Dataset items:
+++++

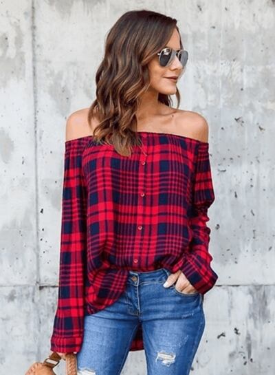 eBayAliExpress春と夏のファッションヨーロッパとアメリカの新しいセクシーな襟の格子縞のシャツのトップス スプリング 春物 サマー 夏物 ヨーロピアン 6733027722596610
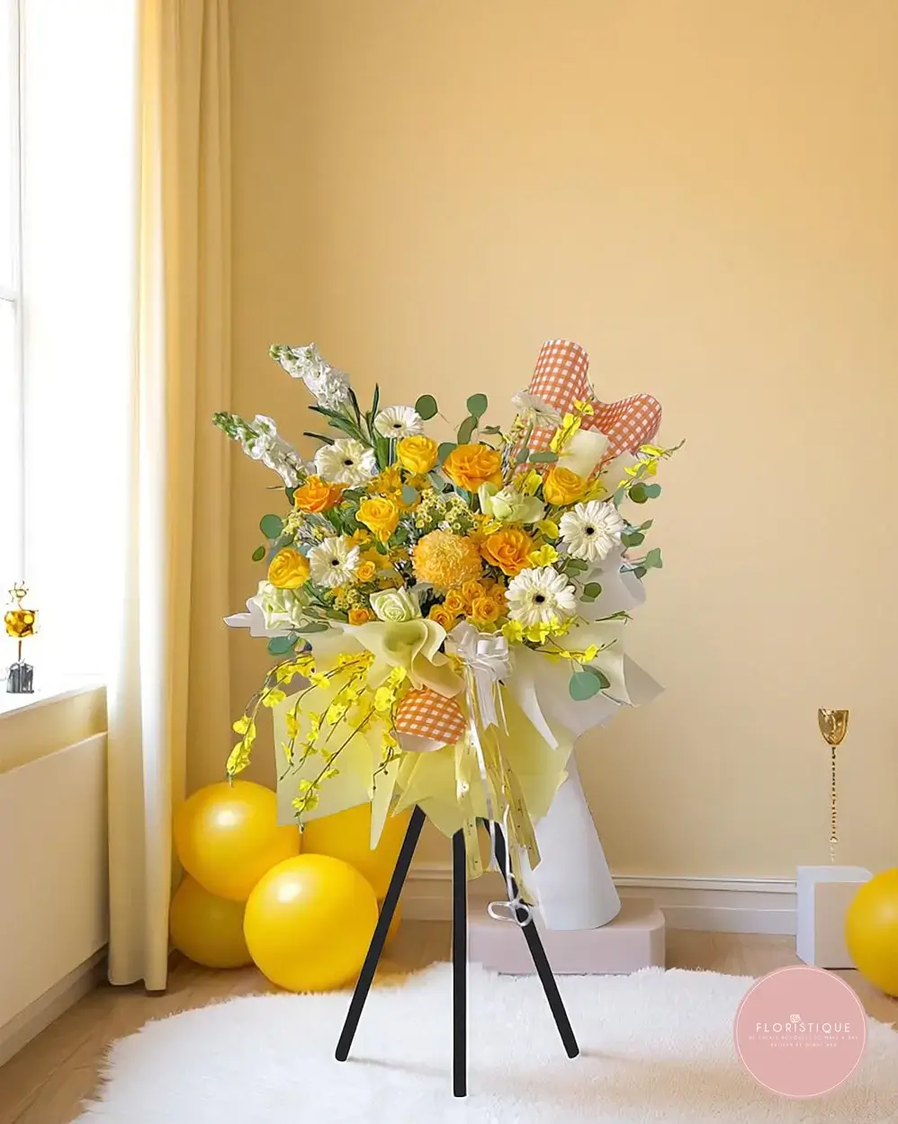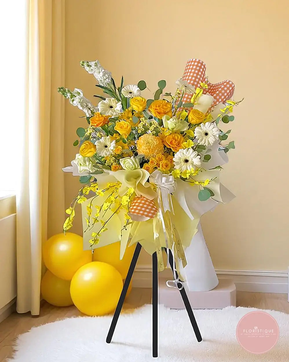 Radiating joy and optimism, this vibrant grand opening flower stand features a cheerful mix of golden yellow roses, ivory gerberas, yellow pompom chrysanthemums, and dancing orchids. Accented with playful heart-shaped checkered balloons and soft wrapping, it's a delightful celebration of new beginnings.
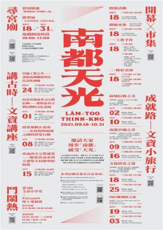2021臺南市文化資產月─南都天光活動詳情請上臺南市文化資產管理處臉書及官網查詢。
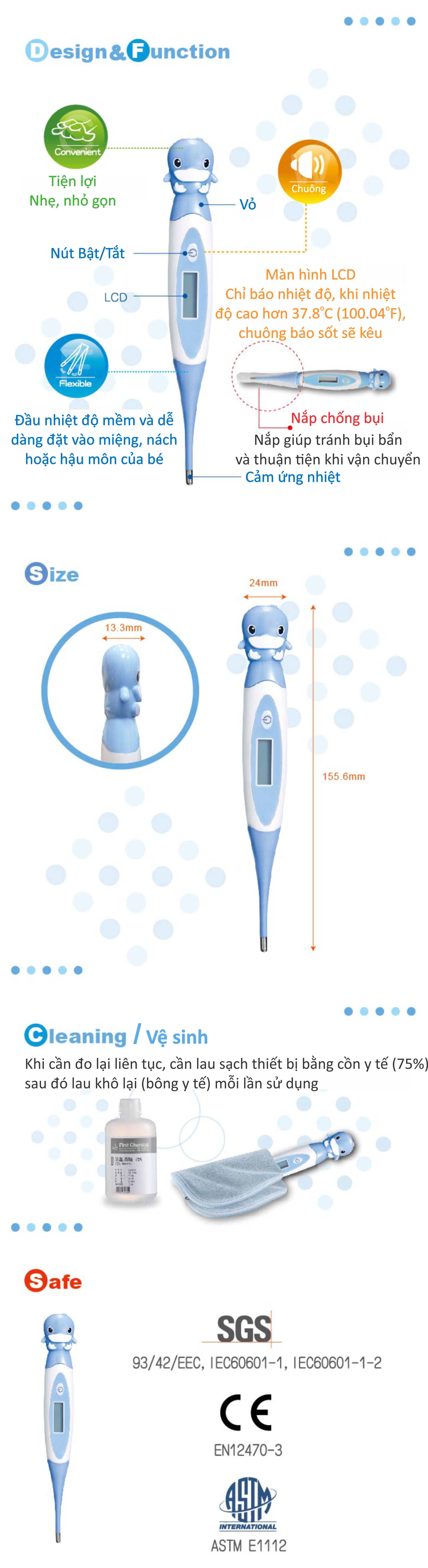 - Thiết kế đầu đo nhiệt mềm mại, linh hoạt, an toàn có thể sử dụng đo ở nách, miệng hoặc hậu môn của bé, giúp kiểm soát tình trạng tăng giảm nhiệt độ, đánh
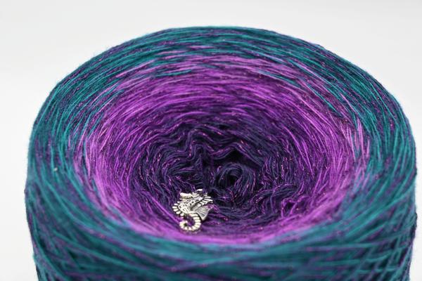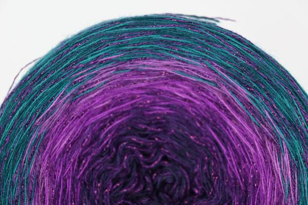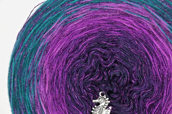 Es wechselt immer 1 Faden die Farbe. Bei diesem Farbübergang werden die Fäden miteinander verknotet. Die Knoten sind so klein, dass du sie problemlos mit einhäkeln/einstricken kannst.
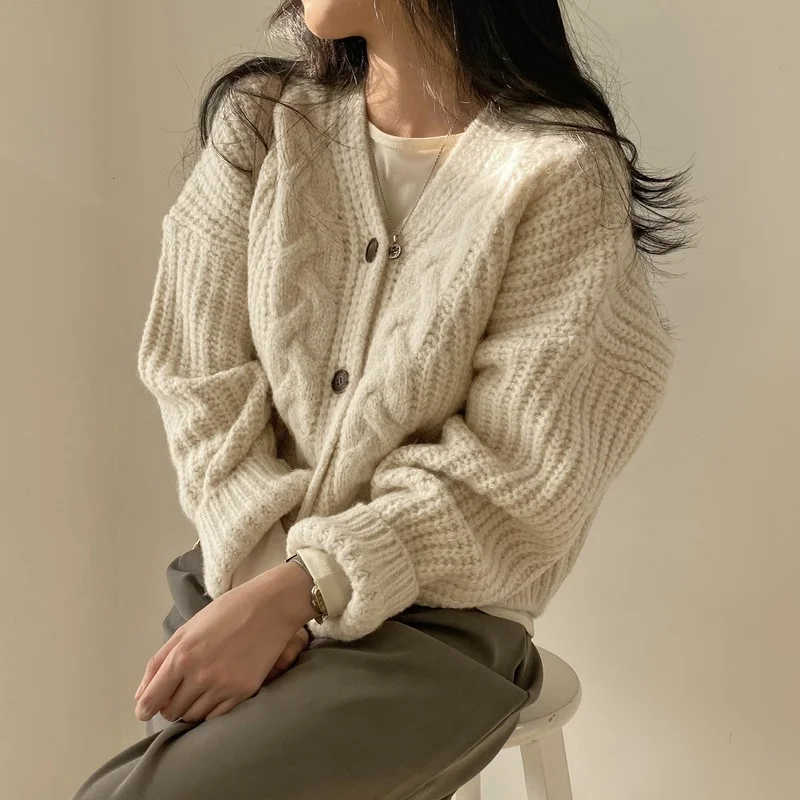 Autumn Winter Women Cardigan Sweaters Fashion Female Long Sleeve V-neck Loose Knitted Shirt Jackets Casual Sweater Coats
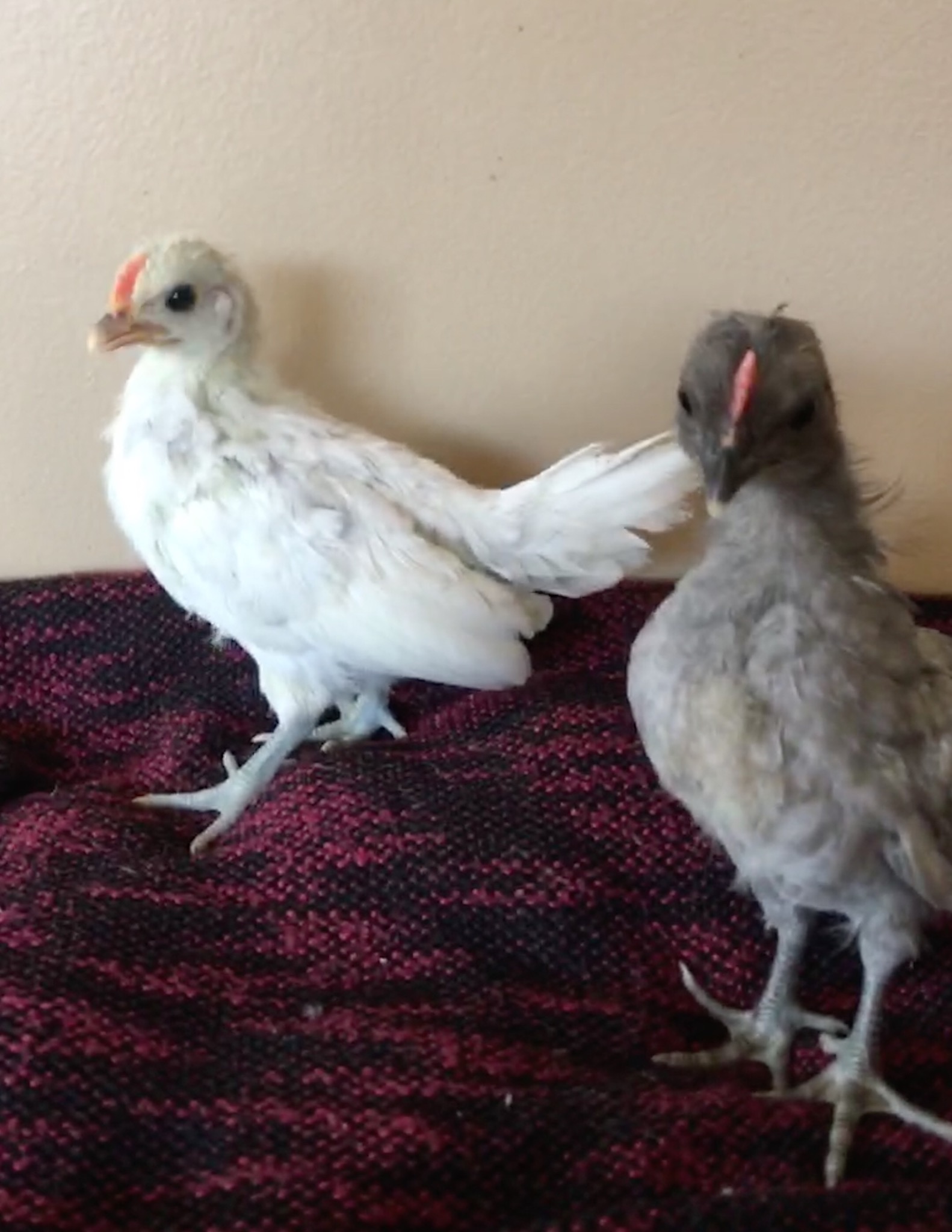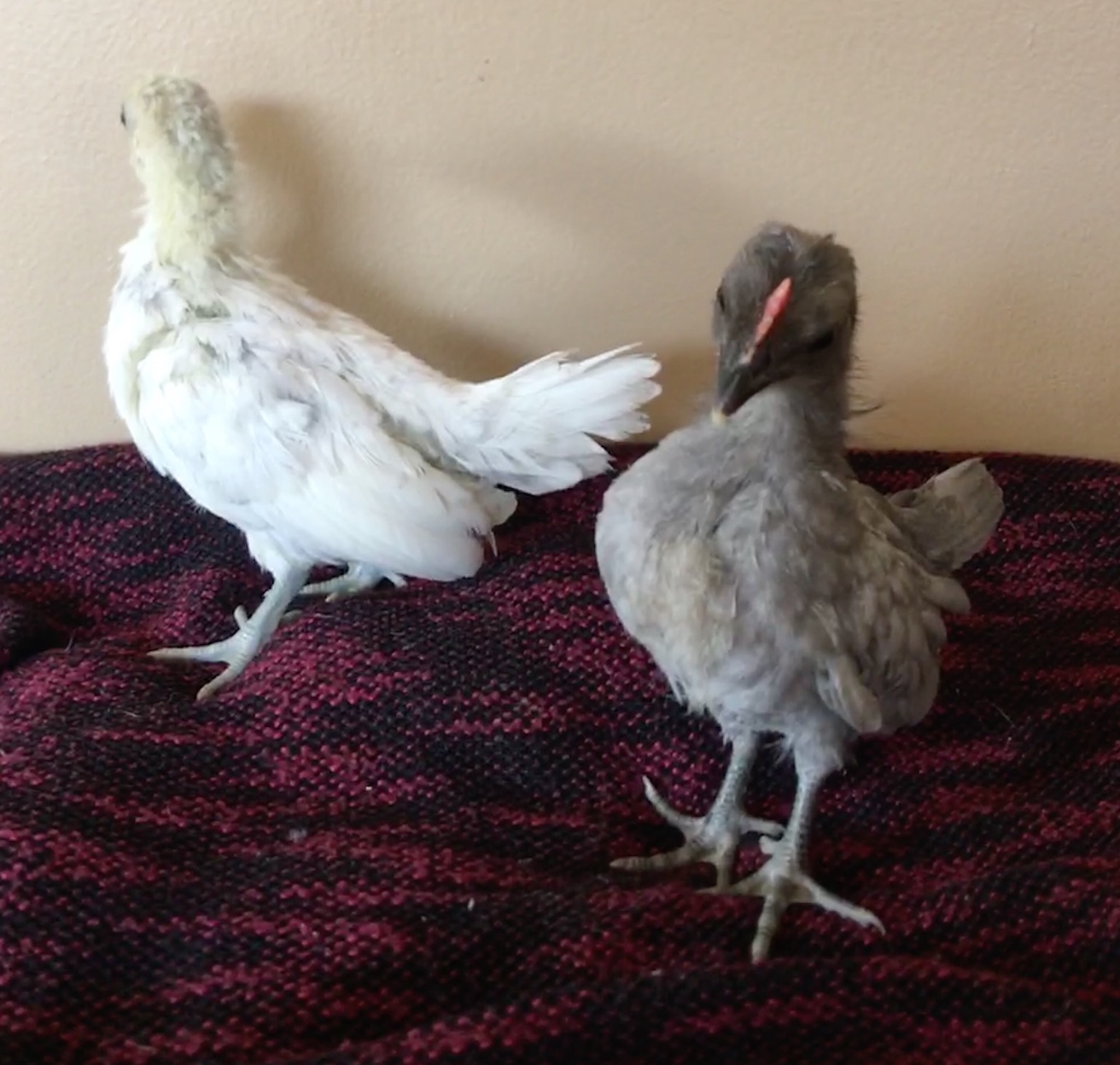 Oh my gosh they are so cute! What colour was their chick fluff do you remember? I'm asking because I have a black/dark grey oegb chick right now with a small cream chest fluff and I don't know if she will be blue or black (there was a blue hen and a solid black hen as possible mom's) I also have a cream coloured chick that just got a grey feather in each wing so wondering if she might be a splash. I love the mystery!

+++++

Instructions to follow: Both boundary lines included, write out word for word only the lines above from the one containing "2021臺南市文化資產月─南" to the one containing "Autumn Winter Women", leaving out any pictures.

Output of the exercise:
2021臺南市文化資產月─南都天光活動詳情請上臺南市文化資產管理處臉書及官網查詢。
 - Thiết kế đầu đo nhiệt mềm mại, linh hoạt, an toàn có thể sử dụng đo ở nách, miệng hoặc hậu môn của bé, giúp kiểm soát tình trạng tăng giảm nhiệt độ, đánh
 Es wechselt immer 1 Faden die Farbe. Bei diesem Farbübergang werden die Fäden miteinander verknotet. Die Knoten sind so klein, dass du sie problemlos mit einhäkeln/einstricken kannst.
 Autumn Winter Women Cardigan Sweaters Fashion Female Long Sleeve V-neck Loose Knitted Shirt Jackets Casual Sweater Coats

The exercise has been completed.